Today, a short one. But it gave me some not-so-short trouble recently.

Do you happen to use or inherit Collection or any of its subclasses (e.g. ObservableCollection)? Make sure you don’t call its IndexOf method too much. As indicated on Microsoft docs, that is an O(n) operation, and it is therefore fast only if the collection is small.

A workaround that can highly improve the application’s performance in certain situations may be storing and maintaining the collection index values within the item objects themselves.
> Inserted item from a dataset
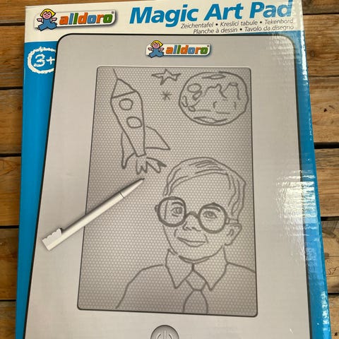 Tavle til kridt, formet som en robot med sort skriveflade og grønne detaljer. Købt for mange år siden men aldrig taget i brug. Ca. 40 x 60 cm.

With certain assumptions, though:

  • the collection rarely changes and it’s OK if it takes slightly larger setup and update time spans;
  • the collection would never need to hold null values;
  • item objects cannot be part of multiple collection instances at the same time;
  • items for which you need to call IndexOf are surely in the collection at the time of asking the question.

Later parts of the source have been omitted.